The group which demonstrated that exogenous insulin induces insulin resistance in T1DM NOD mice went on to demonstrate that exogenous insulin induces T2DM in normal* mice on a normal chow diet.
*If you can describe Bl/6 mice as normal, with their failure to assemble mitochondrial super complexes and all of the potential implications that has on all sorts of metabolic effects. But I digress, as always.
Exposure to excess insulin (glargine) induces type 2 diabetes mellitus in mice fed on a chow diet
So you can imagine that I quite like this group. But they are naughty and the naughtiness is very annoying.
If you read about insulin administration in the current paper you will be presented with this bollocks:
"The dose of glargine was determined according to our previous experiments (Liu et al. 2009a )..."
What they did in Liu et al 2009a was to titrate the dose of insulin determir upwards to just achieve normoglycaemia. Different doses were needed in individual mice because that's what diabetes is like in NOD mice. That is NOT what they did in this current paper to the Bl/6 mice. Here they used glargine and they went straight in at a massive supraphysiological dose:
"C57BL/6 (B6) mice (male, 6–9-week old) from Charles River were treated with either saline or a long- and slow-acting insulin reagent, glargine (50 Unit/kg body weight, s.c. injection, once a day), for 8 weeks".
Even allowing for metabolic scaling from humans down to mice this is a massive dose of glargine. It's not remotely what they did with the NOD mice.

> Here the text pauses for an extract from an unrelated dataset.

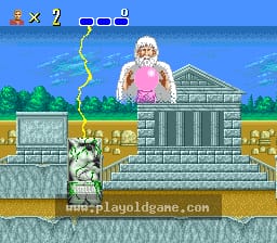 The Altered Beast title refers to your shapeshifting abilities. In this platformer, you can collect spirit balls by defeating two-headed wolves, allowing you to mutate into different beasts such as a werewolf, a dragon, a tiger, a bear and others depending on the version. Each form, tied to a level, comes with special abilities such as flight and powerful attacks, easily superseding the basic set of punches and kicks in your human form.
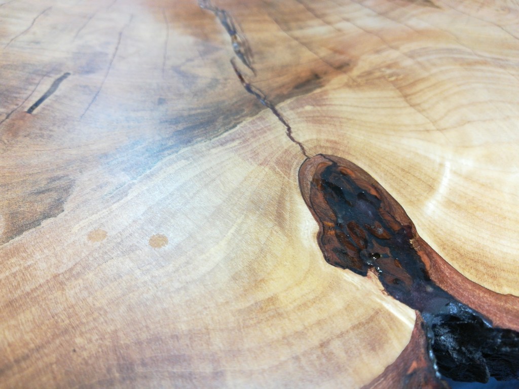 I sanded down the epoxy so it would only show up where it was needed and not on the rest of the table top itself.

EDIT: Going back through the first paper the NOD T1 mice did actually end up with the average group dose of detemir being 25iu/kg twice daily. The difference in protocol is that the group is assuming that glargine 50iu/kg once daily is equivalent to detemir 25iu/kg twice daily. A big assumption. And that this would be fine for all mice. And that going in at the full dose rate on day one rather than titrating up over two weeks would also be equivalent. But the dose rate is more reasonable than I expected. END EDIT.

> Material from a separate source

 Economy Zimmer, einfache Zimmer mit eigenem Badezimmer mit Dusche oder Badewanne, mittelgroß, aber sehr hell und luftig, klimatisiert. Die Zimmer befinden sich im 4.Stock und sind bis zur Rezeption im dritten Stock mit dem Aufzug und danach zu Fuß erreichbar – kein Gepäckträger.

So there are fibs in the methods. Can you really trust these folks? Not much choice really...
None of the mice died on the glargine 50iu/kg dose, so I think we can assume that they developed a marked and rapid onset insulin-induced insulin resistance.
When you wade through the IRS1 serine phosphorylation, IRS1 tyrosine phosphorylation, Akt phosphorylation, total Akt etc etc etc in the results section the end conclusion is that the liver became insulin resistant but the gastrocnemius muscle (representing what I called "systemic" tissues) did not. Bummer for my nice, plausible and apparently incorrect ideas.
So to ease my cognitative dissonance I went back to our initial paper and waded through the IRS1 serine phosphorylation, IRS1 tyrosine phosphorylation, Akt phosphorylation, total Akt etc etc etc and discoved that, lo and behold, that under a clinical protocol the gastrocnemius did become insulin resistant. So did the liver but I can live with that, after all the liver does have a (bloody enormous) arterial blood supply in addition to receiving flow from the portal vein.
Phew, biases in-tact.
It's interesting to see in the paper that exogenous glargine actually destroys the pancreas. Beta cell mass falls, their mitochondria undergo marked oxidative stress and this allows the failure to deal with the hepatic insulin resistance induced by glargine 50iu/kg, hence the induction of diabetes.
I think the take home message is that taking glargine 50iu/kg won't help your own clinical diabetes, should you be so affected. It's also too high a dose if you are attempting to do harm!
Anyhow. Growth hormone and insulin resistance next, probably.